In the entries that follow, find each line with the word "black" and copy it.
------ Given records
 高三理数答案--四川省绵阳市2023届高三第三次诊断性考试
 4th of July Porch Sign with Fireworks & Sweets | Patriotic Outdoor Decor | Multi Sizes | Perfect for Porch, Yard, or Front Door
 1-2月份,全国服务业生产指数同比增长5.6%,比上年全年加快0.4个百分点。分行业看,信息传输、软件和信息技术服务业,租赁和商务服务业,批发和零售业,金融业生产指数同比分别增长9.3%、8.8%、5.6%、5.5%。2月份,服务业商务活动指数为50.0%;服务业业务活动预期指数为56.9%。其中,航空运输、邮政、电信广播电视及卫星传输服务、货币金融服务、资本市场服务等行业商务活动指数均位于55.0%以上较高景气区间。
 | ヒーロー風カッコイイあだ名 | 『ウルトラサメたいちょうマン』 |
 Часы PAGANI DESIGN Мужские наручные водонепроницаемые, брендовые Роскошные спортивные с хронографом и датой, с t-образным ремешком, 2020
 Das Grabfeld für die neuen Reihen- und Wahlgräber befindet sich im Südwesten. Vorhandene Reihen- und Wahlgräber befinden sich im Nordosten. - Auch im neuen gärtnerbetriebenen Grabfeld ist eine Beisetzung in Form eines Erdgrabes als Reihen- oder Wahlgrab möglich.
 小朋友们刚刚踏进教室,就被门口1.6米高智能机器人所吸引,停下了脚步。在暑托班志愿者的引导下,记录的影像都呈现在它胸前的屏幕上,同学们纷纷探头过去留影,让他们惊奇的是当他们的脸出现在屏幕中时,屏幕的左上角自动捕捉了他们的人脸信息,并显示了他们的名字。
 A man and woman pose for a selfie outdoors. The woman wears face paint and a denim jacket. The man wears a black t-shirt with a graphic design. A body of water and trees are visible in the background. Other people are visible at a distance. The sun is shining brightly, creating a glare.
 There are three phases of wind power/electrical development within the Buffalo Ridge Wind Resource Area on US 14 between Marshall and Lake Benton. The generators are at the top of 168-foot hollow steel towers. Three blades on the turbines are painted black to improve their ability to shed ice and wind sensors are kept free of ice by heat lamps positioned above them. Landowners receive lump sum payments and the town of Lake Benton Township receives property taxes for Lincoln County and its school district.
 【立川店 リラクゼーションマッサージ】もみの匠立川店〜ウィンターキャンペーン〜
------------
------ Given records
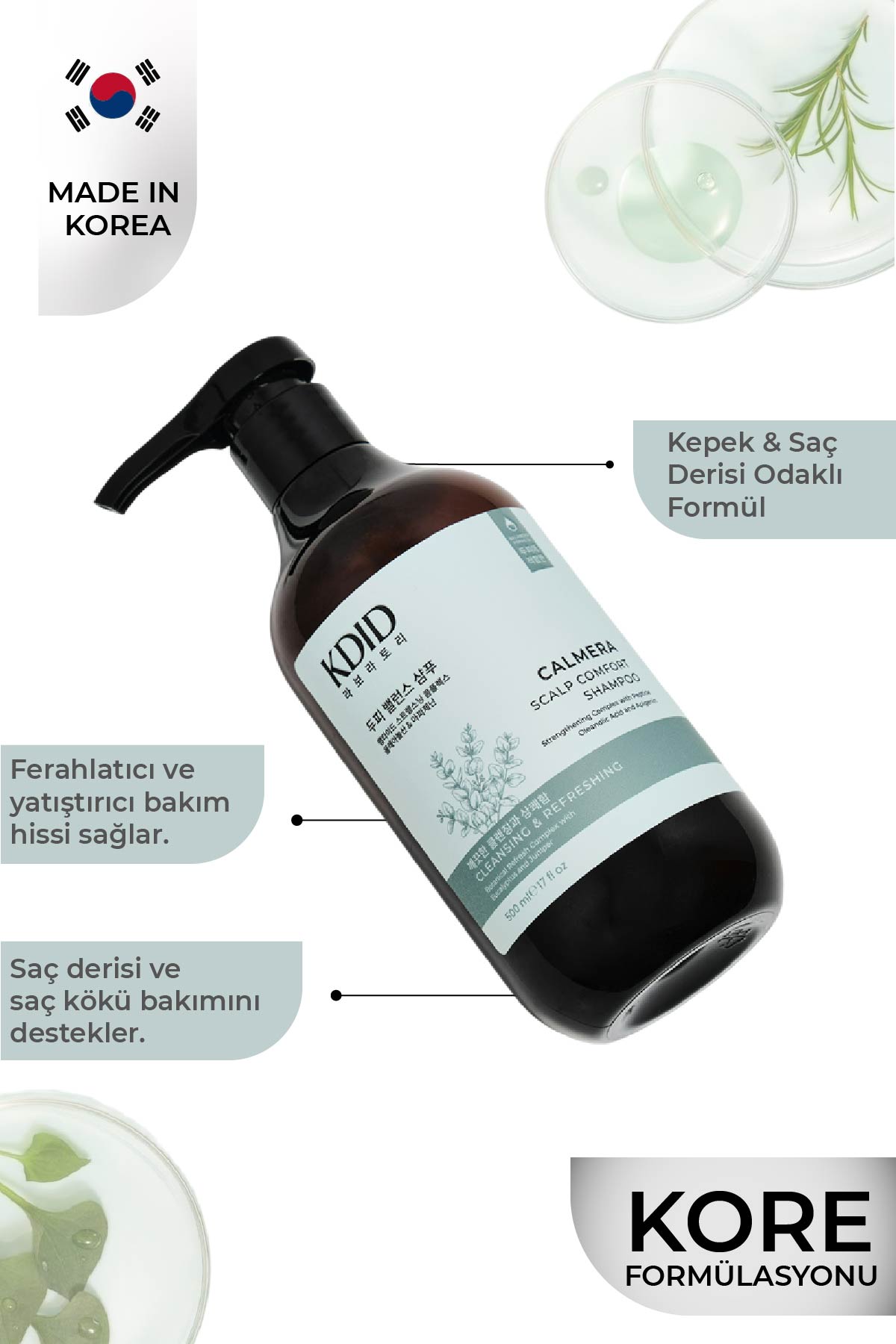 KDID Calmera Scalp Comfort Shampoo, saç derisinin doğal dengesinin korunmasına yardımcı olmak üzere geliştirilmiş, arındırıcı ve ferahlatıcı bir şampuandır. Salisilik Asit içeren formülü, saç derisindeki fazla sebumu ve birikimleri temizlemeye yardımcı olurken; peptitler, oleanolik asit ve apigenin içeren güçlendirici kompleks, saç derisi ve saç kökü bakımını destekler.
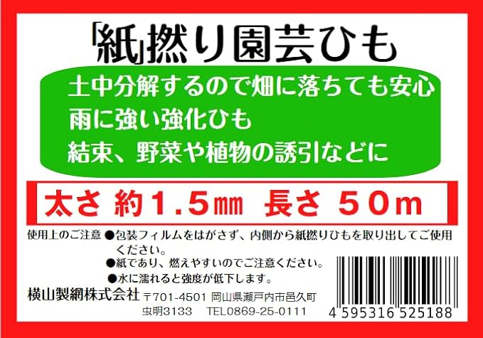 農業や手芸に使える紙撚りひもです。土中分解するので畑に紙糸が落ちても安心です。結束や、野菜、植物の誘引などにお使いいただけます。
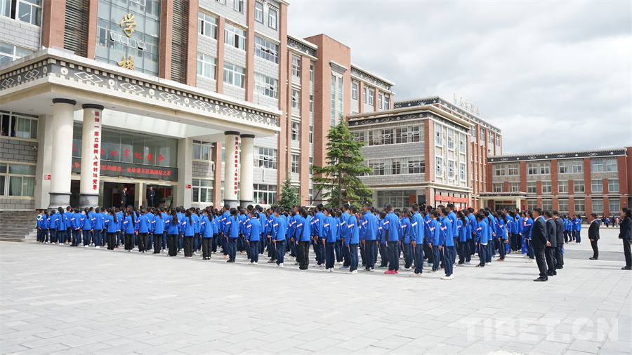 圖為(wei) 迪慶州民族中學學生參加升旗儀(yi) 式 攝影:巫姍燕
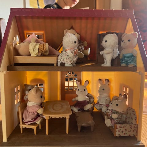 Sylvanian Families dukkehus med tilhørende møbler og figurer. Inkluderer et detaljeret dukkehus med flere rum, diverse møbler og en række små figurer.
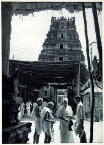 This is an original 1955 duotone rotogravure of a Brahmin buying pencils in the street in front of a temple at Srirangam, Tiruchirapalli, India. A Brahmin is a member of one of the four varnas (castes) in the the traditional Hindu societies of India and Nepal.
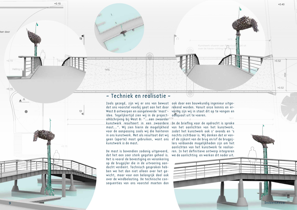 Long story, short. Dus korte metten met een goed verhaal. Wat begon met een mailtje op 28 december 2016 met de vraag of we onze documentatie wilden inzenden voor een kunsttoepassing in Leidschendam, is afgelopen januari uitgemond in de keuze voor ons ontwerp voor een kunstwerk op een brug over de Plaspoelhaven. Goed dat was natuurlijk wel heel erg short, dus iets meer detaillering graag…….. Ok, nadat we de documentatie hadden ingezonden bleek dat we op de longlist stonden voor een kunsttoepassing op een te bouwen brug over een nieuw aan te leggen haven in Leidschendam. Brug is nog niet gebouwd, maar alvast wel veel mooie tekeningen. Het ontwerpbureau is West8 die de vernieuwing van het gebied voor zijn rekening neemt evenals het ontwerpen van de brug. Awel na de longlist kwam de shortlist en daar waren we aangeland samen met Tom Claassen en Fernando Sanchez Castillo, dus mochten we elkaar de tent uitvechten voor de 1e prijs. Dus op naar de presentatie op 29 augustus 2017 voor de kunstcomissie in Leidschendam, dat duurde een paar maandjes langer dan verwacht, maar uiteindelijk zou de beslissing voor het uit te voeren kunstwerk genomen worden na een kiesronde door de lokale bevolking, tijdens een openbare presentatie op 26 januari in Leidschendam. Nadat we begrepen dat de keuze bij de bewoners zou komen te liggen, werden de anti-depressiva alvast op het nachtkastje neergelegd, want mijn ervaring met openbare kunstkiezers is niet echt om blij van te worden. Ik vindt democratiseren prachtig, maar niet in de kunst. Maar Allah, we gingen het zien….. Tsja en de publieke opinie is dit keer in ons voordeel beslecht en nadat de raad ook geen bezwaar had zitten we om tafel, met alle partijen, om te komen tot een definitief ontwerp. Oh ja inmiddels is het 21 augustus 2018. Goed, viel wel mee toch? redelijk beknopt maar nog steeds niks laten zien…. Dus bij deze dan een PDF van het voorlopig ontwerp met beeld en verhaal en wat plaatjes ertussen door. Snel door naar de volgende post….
------------
» **Result of this task**
 A man and woman pose for a selfie outdoors. The woman wears face paint and a denim jacket. The man wears a black t-shirt with a graphic design. A body of water and trees are visible in the background. Other people are visible at a distance. The sun is shining brightly, creating a glare.
 There are three phases of wind power/electrical development within the Buffalo Ridge Wind Resource Area on US 14 between Marshall and Lake Benton. The generators are at the top of 168-foot hollow steel towers. Three blades on the turbines are painted black to improve their ability to shed ice and wind sensors are kept free of ice by heat lamps positioned above them. Landowners receive lump sum payments and the town of Lake Benton Township receives property taxes for Lincoln County and its school district.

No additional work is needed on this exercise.